Groeten van Elisabeth  :Smile:

----------


## Piepke

> Hoi Piepke.....
> 
> Een hele goedenmorgen...wat een verhaal zeg...hoe oud ben je eigenlijk?  je zweet overmatig...is dat onder je oksels of over je hele lichaam en gezicht.....is er iets op school wat er niet leuk is...wordt je ergens gepest? welke deodorant doe je op? probeer eens een andere....zweet je thuis niet maar op school wel? ben je ergens allergisch voor, verkeerd klimaat in het klaslokaal en school? dit is moeilijk te achterhalen wat je schrijft en ik heb er "helaas" geen antwoord op....ik weet wel dat iemand door enorme stress overmatig kan transpireren....ook jonge meisjes kunnen hier last van hebben inzake hun hormonen....
> als het probleem te groot wordt dan kun je advies vragen aan de huisarts...
> als het om een deodorant gaat is er het volgende: 
> Merk: Odorex extra dry (lotion) voordat je gaat slapen was je de oksels, daarna goed afdrogen en daarna deze lotion deppen met een watje onder je oksels...even laten indrogen...'s morgens weer wassen...dit mag je 2 tot 3x wekelijks gebruiken...het gaat "overmatige transpiratie" tegen....je kan het kopen bij het Kruitvat, Etos, etc....het is er ook als depper en creme...
> tot slot wens ik je sterkte hiermee...het is lastig als jij je niet meer fris voelt...
> maar nogmaals het kan een andere oorzaak hebben en dan is een dokter de beste keuze!!!! ik kan het verder niet beoordelen...alle goeds...
> 
> Groeten van Elisabeth


Hallo elisabeth,
Alvast bedankt voor je uitleg ben er blij mee.
Ik ben 18 en het is alleen onder mijn oksel, nee ik word niet gepest ik voel me nochtans goed op school ik weet echt noet wat er is het verschilt ook soms heb ik het niet en soms dan paar weken wel echt iets raar :s

Ik ben wel iemand dat me alles aantrekt dus misschien dat ik teveel inzit met wat andere over me denken en ik denk over veel dingen en zelf wat niet over mij gaat. En ben ook voor niets alergisch ik heb ook al gelezen dat het iets met de schildklier kan te maken hebben.

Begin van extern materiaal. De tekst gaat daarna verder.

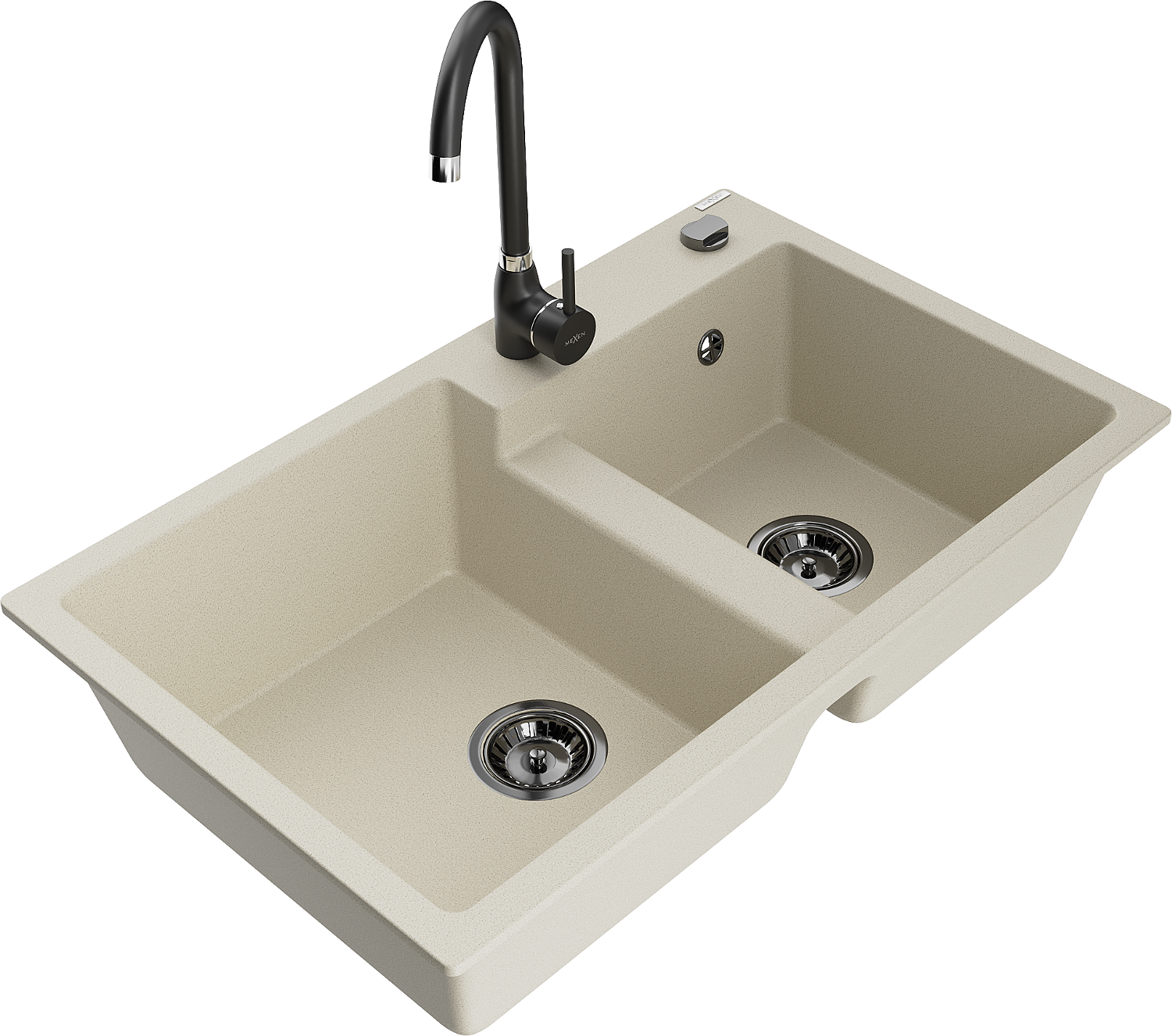Mexen Tomas chiuvetă de bucătărie din granit cu 2 compartimente și robinet de bucătărie Telma, bej - 6516-69-670200-70

Ik maak me ook veel zenuwachtig in alles en wil soms alles te vlug doen ik jaag me wel veel op.. Misschien ligt het allemaal daaraan

Heb al odorex geprobeert maar het piekte enorm, gebruik af en toe syneo 5 maar kwil dat ook niet altij gebruiken vind dat niet gezond, heb dat me die aluinkristallen fso ook gebropeert iets van de bodyshop, speciale deo voor antitranspirant, ik heb ook al zalf van therme willen proberen maar weet niet of dat goed is.

Talkpoeder heb ik ook al geprobeerd hielp niet, zo speciale roller deo's.
Heb ook al veel dingen gelezen zoals iets bij de apotheker, of iets met aloe vera, ik weet het niet.

Maar alvast bedankt voor je bercht

----------


## Elisabeth9

Hallo Piepke  :Wink: 

Gewoon jezelf zijn en blijven, je bent "goed" zoals je bent...
mensen hebben gauw een oordeel klaar over een persoon en daar moet je een harnas tegen krijgen  :Big Grin:  het valt niet altijd mee, maar we hoeven niet met iedereen bevriend te zijn toch? je zoekt je eigen vrienden uit die belangrijk voor je zijn en die je kunnen steunen en waarmee je lol hebt, dat is belangrijk....er zullen altijd mensen bestaan die jaloers zijn, en ze bekijken het maar...geniet van je Leven en deze leeftijd...het kan geweldig goed aanvoelen...problemen zijn er overal en in elk huis, maar omarm het "leven"  :Wink:  je kunt het niet meer overdoen...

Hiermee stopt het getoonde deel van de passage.